2.2 Debug Scrapy source code in Pycharm
In order to be able to direct the Python
operation of the network reptiles and commissioning works, it is necessary myscrapy
to establish a root directory main.py(文件名可以任意起)
file, and then enter the following code.
from scrapy.cmdline import execute
import os
import sys
sys.path.append(os.path.dirname(os.path.abspath(__file__)))

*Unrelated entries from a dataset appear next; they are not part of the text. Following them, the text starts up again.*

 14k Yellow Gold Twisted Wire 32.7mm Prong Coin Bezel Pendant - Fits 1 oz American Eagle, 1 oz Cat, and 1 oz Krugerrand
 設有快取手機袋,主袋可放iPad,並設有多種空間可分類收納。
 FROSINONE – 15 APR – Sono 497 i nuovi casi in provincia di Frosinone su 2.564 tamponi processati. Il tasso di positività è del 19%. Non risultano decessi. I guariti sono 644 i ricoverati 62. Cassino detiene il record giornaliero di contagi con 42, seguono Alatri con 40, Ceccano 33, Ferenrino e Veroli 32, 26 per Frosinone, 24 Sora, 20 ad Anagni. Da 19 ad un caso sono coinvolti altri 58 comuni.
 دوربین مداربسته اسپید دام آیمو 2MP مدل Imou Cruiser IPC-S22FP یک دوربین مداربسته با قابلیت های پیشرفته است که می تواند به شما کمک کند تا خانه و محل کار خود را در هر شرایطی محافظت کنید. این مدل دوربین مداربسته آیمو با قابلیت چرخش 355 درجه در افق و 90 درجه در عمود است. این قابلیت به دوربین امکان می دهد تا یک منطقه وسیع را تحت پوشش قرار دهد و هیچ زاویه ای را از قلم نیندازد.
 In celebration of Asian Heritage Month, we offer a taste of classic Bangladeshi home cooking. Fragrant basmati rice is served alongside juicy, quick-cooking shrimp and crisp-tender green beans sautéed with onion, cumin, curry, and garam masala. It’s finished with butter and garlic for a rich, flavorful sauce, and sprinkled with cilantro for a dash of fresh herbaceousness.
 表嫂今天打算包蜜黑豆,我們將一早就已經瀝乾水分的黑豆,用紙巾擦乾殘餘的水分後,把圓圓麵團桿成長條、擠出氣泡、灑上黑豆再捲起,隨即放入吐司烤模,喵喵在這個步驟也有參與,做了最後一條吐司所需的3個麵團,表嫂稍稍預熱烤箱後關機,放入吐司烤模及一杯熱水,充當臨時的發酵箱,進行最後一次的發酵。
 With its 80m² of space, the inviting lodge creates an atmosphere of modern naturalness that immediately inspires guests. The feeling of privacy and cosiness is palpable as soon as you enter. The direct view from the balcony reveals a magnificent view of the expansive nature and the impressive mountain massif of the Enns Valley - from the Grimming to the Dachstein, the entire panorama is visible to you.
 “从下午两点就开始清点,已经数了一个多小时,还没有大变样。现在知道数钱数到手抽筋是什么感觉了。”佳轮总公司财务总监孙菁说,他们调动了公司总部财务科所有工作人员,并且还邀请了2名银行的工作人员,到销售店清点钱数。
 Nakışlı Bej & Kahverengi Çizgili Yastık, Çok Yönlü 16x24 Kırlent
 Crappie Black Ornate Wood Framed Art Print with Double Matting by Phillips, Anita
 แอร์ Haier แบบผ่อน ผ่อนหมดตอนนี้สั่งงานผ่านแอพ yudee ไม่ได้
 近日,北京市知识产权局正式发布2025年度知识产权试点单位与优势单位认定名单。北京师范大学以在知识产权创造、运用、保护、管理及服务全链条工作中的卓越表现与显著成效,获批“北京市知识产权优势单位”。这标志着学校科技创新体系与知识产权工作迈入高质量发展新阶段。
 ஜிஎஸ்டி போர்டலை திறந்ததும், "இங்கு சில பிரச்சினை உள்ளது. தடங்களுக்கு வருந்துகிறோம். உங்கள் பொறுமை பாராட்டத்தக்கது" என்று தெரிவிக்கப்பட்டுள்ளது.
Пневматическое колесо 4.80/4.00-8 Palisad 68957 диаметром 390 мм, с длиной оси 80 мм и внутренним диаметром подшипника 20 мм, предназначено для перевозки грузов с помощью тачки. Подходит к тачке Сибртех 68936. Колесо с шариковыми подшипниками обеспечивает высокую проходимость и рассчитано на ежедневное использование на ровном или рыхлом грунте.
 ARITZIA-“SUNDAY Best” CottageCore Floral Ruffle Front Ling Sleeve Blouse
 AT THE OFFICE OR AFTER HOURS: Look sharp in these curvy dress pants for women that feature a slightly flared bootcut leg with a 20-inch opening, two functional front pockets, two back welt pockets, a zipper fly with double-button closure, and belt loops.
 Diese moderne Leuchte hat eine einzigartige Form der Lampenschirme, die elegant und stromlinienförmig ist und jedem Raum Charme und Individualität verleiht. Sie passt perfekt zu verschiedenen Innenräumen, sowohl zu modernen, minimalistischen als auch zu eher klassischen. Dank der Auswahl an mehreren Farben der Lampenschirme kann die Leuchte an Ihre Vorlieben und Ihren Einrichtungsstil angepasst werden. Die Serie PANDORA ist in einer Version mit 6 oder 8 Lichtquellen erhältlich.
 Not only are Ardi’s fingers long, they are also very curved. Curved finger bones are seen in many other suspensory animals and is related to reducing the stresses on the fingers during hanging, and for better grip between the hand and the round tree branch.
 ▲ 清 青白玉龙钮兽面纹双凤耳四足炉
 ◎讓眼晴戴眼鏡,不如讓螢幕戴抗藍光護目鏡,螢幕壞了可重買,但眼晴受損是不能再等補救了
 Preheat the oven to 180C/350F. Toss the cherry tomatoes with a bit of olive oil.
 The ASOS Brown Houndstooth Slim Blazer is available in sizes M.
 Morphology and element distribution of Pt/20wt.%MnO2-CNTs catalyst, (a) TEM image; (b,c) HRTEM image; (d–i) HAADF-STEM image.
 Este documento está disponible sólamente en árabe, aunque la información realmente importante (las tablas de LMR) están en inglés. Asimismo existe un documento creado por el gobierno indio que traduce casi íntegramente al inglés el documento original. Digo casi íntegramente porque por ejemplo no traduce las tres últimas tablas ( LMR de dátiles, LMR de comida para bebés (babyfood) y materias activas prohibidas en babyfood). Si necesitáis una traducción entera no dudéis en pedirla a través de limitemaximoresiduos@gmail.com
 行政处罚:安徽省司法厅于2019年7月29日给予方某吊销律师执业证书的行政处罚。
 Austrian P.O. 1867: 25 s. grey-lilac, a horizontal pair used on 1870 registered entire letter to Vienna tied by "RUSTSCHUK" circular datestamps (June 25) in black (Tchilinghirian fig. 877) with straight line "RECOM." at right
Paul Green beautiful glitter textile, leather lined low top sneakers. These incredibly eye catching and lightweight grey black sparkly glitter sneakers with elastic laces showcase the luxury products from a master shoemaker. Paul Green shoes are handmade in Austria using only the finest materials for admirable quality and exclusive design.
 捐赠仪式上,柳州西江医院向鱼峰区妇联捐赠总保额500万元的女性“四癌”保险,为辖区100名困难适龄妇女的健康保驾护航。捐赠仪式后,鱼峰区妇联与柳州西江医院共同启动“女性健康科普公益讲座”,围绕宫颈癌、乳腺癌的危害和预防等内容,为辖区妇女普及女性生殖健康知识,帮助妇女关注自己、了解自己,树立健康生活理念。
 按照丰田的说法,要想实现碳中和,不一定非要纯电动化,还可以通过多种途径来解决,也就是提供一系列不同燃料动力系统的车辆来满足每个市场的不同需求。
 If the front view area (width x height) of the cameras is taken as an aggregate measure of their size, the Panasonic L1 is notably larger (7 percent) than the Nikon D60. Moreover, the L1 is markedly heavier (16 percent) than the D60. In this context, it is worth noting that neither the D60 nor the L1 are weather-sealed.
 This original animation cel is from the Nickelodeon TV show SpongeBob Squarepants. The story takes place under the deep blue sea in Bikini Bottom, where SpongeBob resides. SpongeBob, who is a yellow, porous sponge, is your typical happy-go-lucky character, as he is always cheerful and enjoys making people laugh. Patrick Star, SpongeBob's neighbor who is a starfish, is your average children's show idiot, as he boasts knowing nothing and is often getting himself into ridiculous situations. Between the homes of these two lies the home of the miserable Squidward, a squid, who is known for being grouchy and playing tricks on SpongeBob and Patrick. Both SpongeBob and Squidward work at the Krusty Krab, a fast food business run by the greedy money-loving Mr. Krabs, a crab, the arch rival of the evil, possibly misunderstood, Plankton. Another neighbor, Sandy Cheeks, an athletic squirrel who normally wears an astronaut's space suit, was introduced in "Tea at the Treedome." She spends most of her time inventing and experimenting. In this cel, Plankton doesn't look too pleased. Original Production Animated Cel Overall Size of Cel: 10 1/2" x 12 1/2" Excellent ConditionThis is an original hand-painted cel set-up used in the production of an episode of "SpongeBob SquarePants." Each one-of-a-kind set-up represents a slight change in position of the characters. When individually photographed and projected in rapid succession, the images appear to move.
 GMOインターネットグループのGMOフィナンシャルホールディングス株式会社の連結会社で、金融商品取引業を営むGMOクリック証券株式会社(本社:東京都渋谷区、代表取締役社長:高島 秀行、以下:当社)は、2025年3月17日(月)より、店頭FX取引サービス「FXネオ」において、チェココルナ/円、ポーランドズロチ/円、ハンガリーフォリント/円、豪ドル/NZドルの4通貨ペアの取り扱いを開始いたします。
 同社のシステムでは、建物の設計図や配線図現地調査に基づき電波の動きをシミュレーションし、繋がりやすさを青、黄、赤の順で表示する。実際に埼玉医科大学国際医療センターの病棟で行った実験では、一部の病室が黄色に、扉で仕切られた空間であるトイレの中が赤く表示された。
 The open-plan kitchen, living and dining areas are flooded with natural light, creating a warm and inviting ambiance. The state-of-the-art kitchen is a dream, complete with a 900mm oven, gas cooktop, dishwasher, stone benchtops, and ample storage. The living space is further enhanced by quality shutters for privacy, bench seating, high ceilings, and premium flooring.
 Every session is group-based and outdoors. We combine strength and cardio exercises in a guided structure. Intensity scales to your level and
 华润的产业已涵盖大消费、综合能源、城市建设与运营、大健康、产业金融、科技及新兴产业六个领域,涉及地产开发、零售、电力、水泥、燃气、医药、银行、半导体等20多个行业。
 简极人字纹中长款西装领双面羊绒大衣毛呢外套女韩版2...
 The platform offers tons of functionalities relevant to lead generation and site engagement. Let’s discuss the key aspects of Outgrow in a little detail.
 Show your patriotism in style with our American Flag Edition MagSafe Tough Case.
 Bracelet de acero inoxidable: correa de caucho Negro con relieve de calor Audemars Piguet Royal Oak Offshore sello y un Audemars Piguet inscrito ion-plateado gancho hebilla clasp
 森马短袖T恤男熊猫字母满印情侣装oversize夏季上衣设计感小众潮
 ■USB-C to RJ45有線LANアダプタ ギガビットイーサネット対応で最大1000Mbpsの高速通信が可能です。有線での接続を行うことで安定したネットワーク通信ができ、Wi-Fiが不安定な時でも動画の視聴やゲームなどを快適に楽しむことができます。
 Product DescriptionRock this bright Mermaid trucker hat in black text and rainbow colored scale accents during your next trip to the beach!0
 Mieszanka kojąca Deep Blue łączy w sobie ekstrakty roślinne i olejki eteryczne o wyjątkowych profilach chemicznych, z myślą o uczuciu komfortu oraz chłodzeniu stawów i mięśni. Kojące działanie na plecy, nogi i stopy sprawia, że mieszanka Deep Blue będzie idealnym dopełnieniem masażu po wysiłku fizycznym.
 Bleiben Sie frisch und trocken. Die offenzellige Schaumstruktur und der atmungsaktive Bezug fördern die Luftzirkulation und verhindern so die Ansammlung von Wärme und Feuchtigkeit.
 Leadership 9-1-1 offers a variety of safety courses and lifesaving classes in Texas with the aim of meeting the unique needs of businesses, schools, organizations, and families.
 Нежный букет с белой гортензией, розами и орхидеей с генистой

# 如果要运行其他的网络爬虫,只需修改上面代码中字符串里面的命令即可
execute(["scrapy", "crawl", "first_spider"])
Now execute main.py
the script file, in PyCharm
the Run
information shown in FIG inputs, it can also be seen from the log information outputted hello world
.
2.3 Use extension tools to run Scrapy tools in Pycharm
In 2.2
the preparation of a main.py
file for running Scrapy
the program. In fact, the essence is the execution scrapy
command to run Scrapy
the program. But each create a Scrapy
project, we must write a main.py
file into the Pycharm
project for running the Scrapy
program appeared to be very troublesome, in order to Pycharm
more easily run the Scrapy
program, you can use the Pycharm
extension tool through scrapy
the command to run Scrapy
the program.
PyCharm
Extended tool allows Pycharm
the command to execute external commands by clicking. First click Pycharm
the File
⇒ Settings
command to open the Settings
dialog box.
Click the Tools ⇒ External Tools node on the left, and a list of extended tools will be displayed on the right, as shown in the figure below:
After you click shown below will pop up Create Tool
dialog box.
In the Create Tool
dialog box, usually you need to fill in the following contents:
Name
: The name of the extension tool, in this caserunscrapy
, it can also be any other name.Description
: The description of the extended tool can be filled in at will, which is equivalent to the comment of the program.Program
: Program to be executed, this case isC:\Users\AmoXiang\Envs\spider\Scripts\scrapy.exe
, pointing toscrapy
command absolute path. The reader should be changed on your machinescrapy
file pathArguments
: The command line parameters passed to the program to be executed. This embodiment iscrawl $FileNameWithoutExtension$
, where$FileNameWithoutExtension$
isPyCharm
the environment variable that represents the current selected file name (excluding extension), as the current file namefirst_spider.py
, after the file is selected,$FileNameWithoutExtension$
the value isfirst_spider
.Working directory
: Working directory, in this case$FileDir$/../..
. Which$FileDir$
represents the directory where the file currently selected. Since theScrapy
project all the reptiles code inspiders
the directory, you need to select thespiders
crawler script file (.py files) directory, use the extension to run crawler tool. With respect toscrapy
the generatedScrapy
project, thespiders
project
catalog located innermost layer, it is usually set up two counter-working directory. Therefore,Working directory
the value may be$FileDir$/..
or$FileDir$
.
After adding an extension tool, select spiders
a reptile files in the directory, such as first_spider.py
, and then click External Tools ⇒ runscrapy command in the context menu run first_spider.py
, and will output the same information above the console.